Results  Mean ± SD decreased by 7.7 ± 3.5 mmHg (30%), from 25.5± 2.5 mmHg to 17.9 ± 2.8 mmHg (P<.001). Only 2 eyes (4%) did not respond to selective laser trabeculoplasty, and 3 eyes (7%) required topical medications to control their IOP at the end of the follow-up period. Forty eyes (89%) had a decrease of 5 mmHg or more. Visual acuity, visual fields, and gonioscopic findings remained unchanged. Complications included conjunctival redness and injection within 1 day postoperatively in 30 eyes (67%). One hour after selective laser trabeculoplasty, an increase in IOP of more than 5 mmHg was detected in 5 eyes (11%), while an increase in IOP between 2 and 5 mmHg was measured in 3 eyes (7%).

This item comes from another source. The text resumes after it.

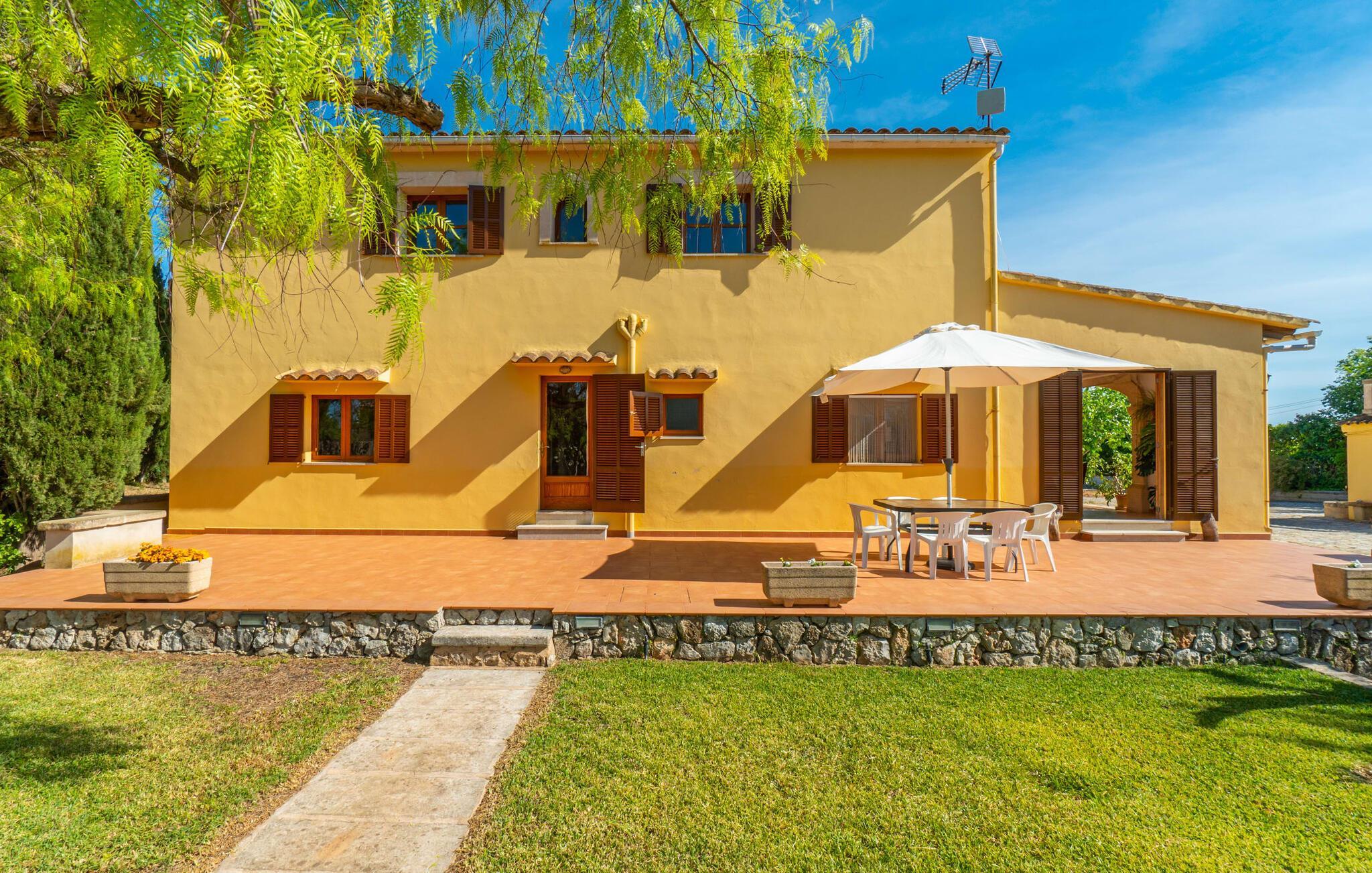 Det charmerende bondehus "Sa Vileta" skinner i solen. Det familievenlige feriehus er omgivet af en oaselignende have. Dette er naturligt dyrket med masser af græsplæner og et imponerende antal frugttræer. Der er også frodige blomstrende planter på de brolagte terrassearealer og omkring det rummelige poolområde. Det er ikke kun swimmingpoolen med rutsjebane, der er et højdepunkt for hele familien. De mange legemuligheder i haven samt bordtennisbordet og basketballkurven er virkelige højdepunkter for jeres børn. I mellemtiden kan voksne slappe af på liggestolene. Om aftenen kan I bruge grillen til en lækker BBQ. De to overdækkede terrasser med deres indbydende kurvebuer inviterer jer til at tilbringe jeres dyrebare ferietid hele dagen lang. Venner er hjerteligt velkomne. Det fantastisk beliggende stuehus afspejler den landlige atmosfære indenfor. Det hyggelige og rustikke feriehus byder på en harmonisk atmosfære. Terracotta og træ kombineres med moderne boligkomfort. Det fuldt udstyrede køkken på landet og den indendørs spisestue inviterer jer til at nyde måltider sammen. Tre badeværelser muliggør familievenlig brug for op til otte personer. Udover opholdsstue med TV er der fire lyse soveværelser med enkelt- eller dobbeltsenge. De lyse værelser tilbyder en smuk udsigt over den beroligende stilhed i den naturlige have. Takket være det varme-kolde klimaanlæg er der altid en behagelig temperatur i stuehuset. Det fremragende tekniske udstyr gør det også muligt at bruge det på hjemmekontoret. Kombiner ferie med arbejde og drag fordel af den kreative atmosfære i "Sa Vileta"-gården. Det familievenlige bondehus "Sa Vileta" er beliggende i en oase-lignende have i landlige omgivelser og alligevel kun få minutter fra den traditionelle landsby Sencelles. I nyder to gange af den behagelige centrale beliggenhed midt på øen: Der er kun 30 minutter i bil til øens hovedstad Palma eller den lange bugt Alcúdia med sine vidunderlige sandstrande.
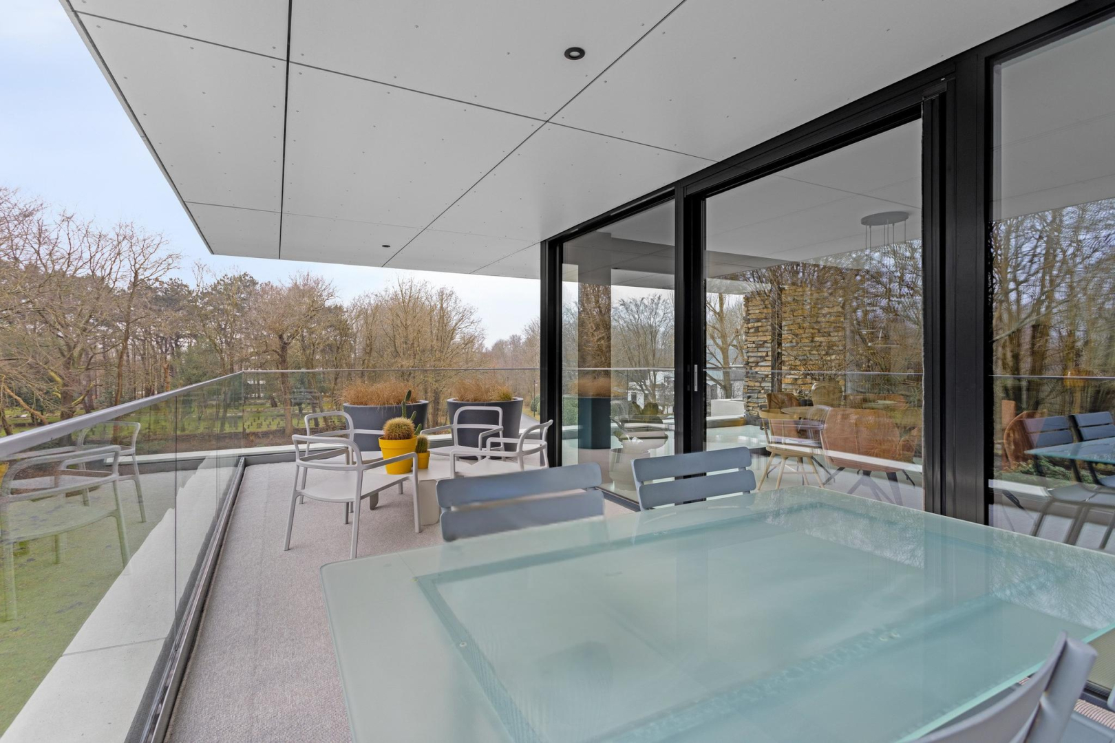 En door de zeldzaam grote raampartijen en balkonafscheidingen van glas, bent u zich steeds bewust van uw bevoorrechte positie midden in de natuur, op dit prachtige landgoed.

Conclusion  Selective laser trabeculoplasty is effective and safe as a primary treatment for patients with ocular hypertension and open-angle glaucoma.

ARGON LASER trabeculoplasty (ALT) was first described by Wise and Witter1 and has become accepted as a treatment modality for open-angle glaucoma. Other lasers have also been used for that purpose, including krypton red, diode laser (810 nm), and continuous-wave Nd:YAG (1064 nm), all with similar success rates.24

Although the mechanism of laser trabeculoplasty in lowering intraocular pressure (IOP) remains unclear, the role of enhanced biological activity in the trabecular meshwork (TM) has been suggested. Histologic studies have shown coagulation damage to the TM treated with photocoagulative lasers.57 A different approach was introduced by Melamed et al8 and Epstein et al, 9 who used Q-switched Nd:YAG laser to puncture the TM (goniopuncture), but with limited success in primary open-angle glaucoma.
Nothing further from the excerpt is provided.